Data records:
"""

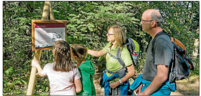
"Das Rockertweibel" - eine Station am Sagenweg.

Die Teilnahme an der geführten Wanderung ist kostenlos, die Teilnehmerzahl begrenzt auf 20 Personen. Eine Anmeldung ist unter Telefon 07224 64444 oder E-Mail: touristinfo@gernsbach.de unter Angabe der Kontaktdaten erforderlich. Kurzsichtschlossene ohne Anmeldung sind herzlich willkommen, sofern noch
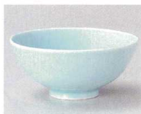
429-4-674 深山青磁茶碗 620円 12×5.3cm 54868671
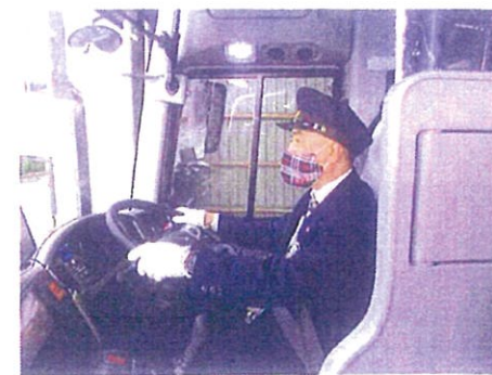
マスクと手袋着用
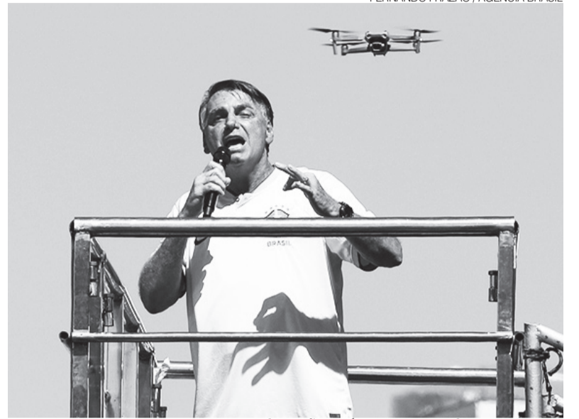
Ex-presidente Jair Bolsonaro em manifestação política na orla de Copacabana

Sobre a comunicação com outros investigados, o ministro do STF disse que a proibição de contato – seja pessoalmente, por telefone, e-mail ou qualquer outro método, inclusive por intermédio de terceira pessoa – é necessária para que não haja “indevida interferência” nas investigações.
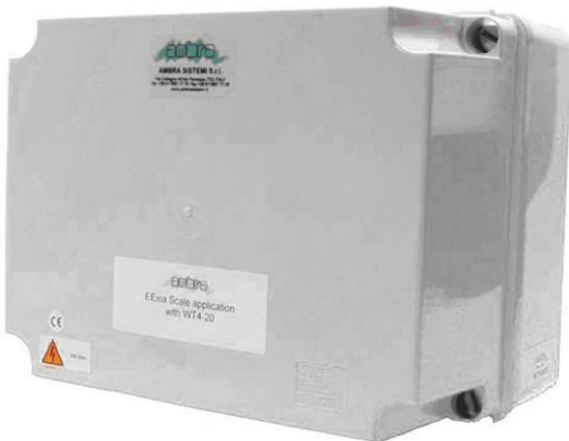
Trasmettitore di peso per bilance modello SGC-150 SGC-70
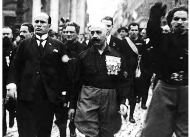
B – Benito Mussolini na manifestação conhecida como Marcha sobre Roma.
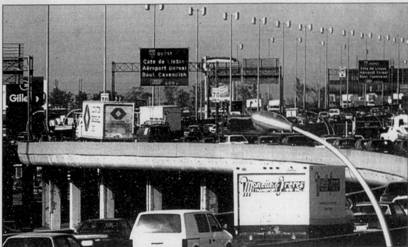
Que ce soit à Montréal ou en Californie, il n'est pas aisé de consulter d'un oeil une carte et, en même temps, de conduire au milieu d'une dense circulation.

■ En collaboration avec Etak, l'un des leaders dans la fabrication de logiciels spécialisés dans les fonds cartographiques, le géant de l'électronique Sony prévoit diffuser son système à partir de l'automne prochain. Lui aussi, au début, ne couvrira que
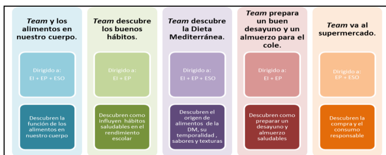
Imagen 1 Plataforma Team Consum

Para el lanzamiento y presentación de esta plataforma, tanto a profesores como a padres, se llevó a cabo una acción realizada en Noviembre de 2014 en el comedor del Colegio Purísima Concepción (Quart de Poblet, Valencia). Durante dos días, un equipo de Consum realizó un seguimiento para comprobar cómo era el consumo de fruta entre los niños de edades de educación infantil. En su primer análisis, comprobaron que el 40% de los niños no comió fruta en el momento del postre. Al siguiente día, en el mismo colegio y con los mismos niños, introdujeron la misma pieza de fruta pero con un packaging creado con la temática Team Consum en el que se les contaba la historia de un superhéroe que tenía una fuerza infinita al comer esa fruta. Dentro de la caja, estaba la pieza de fruta con una pequeña pegatina. Los niños jugaron con la caja y con la pegatina, pero todos comieron la fruta como postre. Bajo el lema, “Si les divierte, les interesa. Si les interesa, aprenden”, Consum demostró la importancia del juego como vehículo interlocutor entre el público infantil a la hora de introducirles valores educativos en cuanto a materia de alimentación se refiere. Es importante tener en cuenta también la participación del comunicador, docente o prescriptor. Aquel que les introduce la información a los alumnos/as y les anima a ser curiosos y a descubrir. En este caso es la chica que sale en el vídeo y les explica qué contiene la caja.
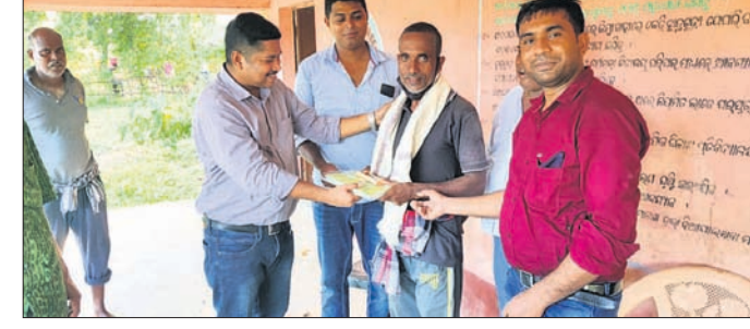
କର୍ମଶାଳାରେ ଜଣେ ଚାଷୀ ପୁରସ୍କାର ଗ୍ରହଣ କରୁଛନ୍ତି।
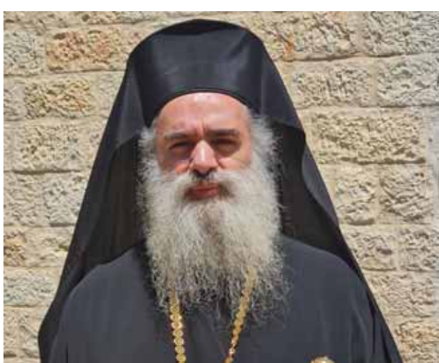
رئيس أساقفة سبسية للروم الأرثوذكس المطران على الله حنا

وكرر مناشدته لكل المرجعيات الروحية والحقوقية والإنسانية، بضرورة التحرك نصرة للشعب الفلسطيني المظلوم، وتوجه بالتحية إلى أحرار العالم الذين يتظاهرون في كل مكان وفي كل العواصم والأقطار رفضاً للعدوان وتضامناً مع الشعب الفلسطيني المظلوم.
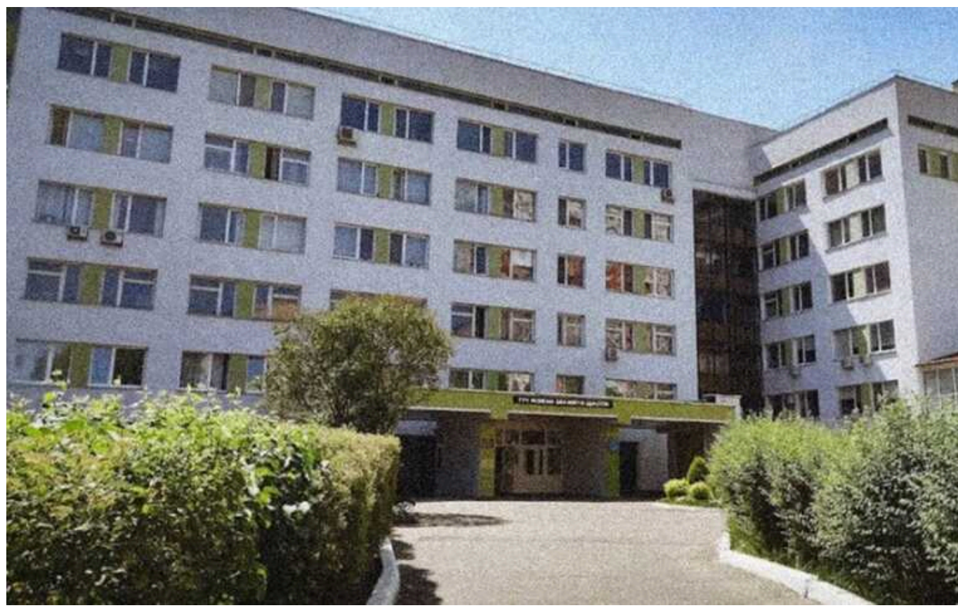
Столичний пологовий будинок платив зарплату 17 неіснуючим працівникам

Дніпровський районний суд ухвалив вирок двом працівницям Київського пологового будинку №6, які були причетні до корупційної схеми з привласнення державних коштів. У рамках цієї схеми пологовий будинок протягом більше ніж року сплачував зарплати 17 вигаданим працівникам медичного закладу. Ці особи отримували премії та оплачувані відпустки, однак ніколи не з'являлися на робочому місці. У результаті держава зазнала збитків у розмірі 4,5 млн грн.

"""

State the number of lines in the preceding entries that include the word "Consum". Provide nothing else.

2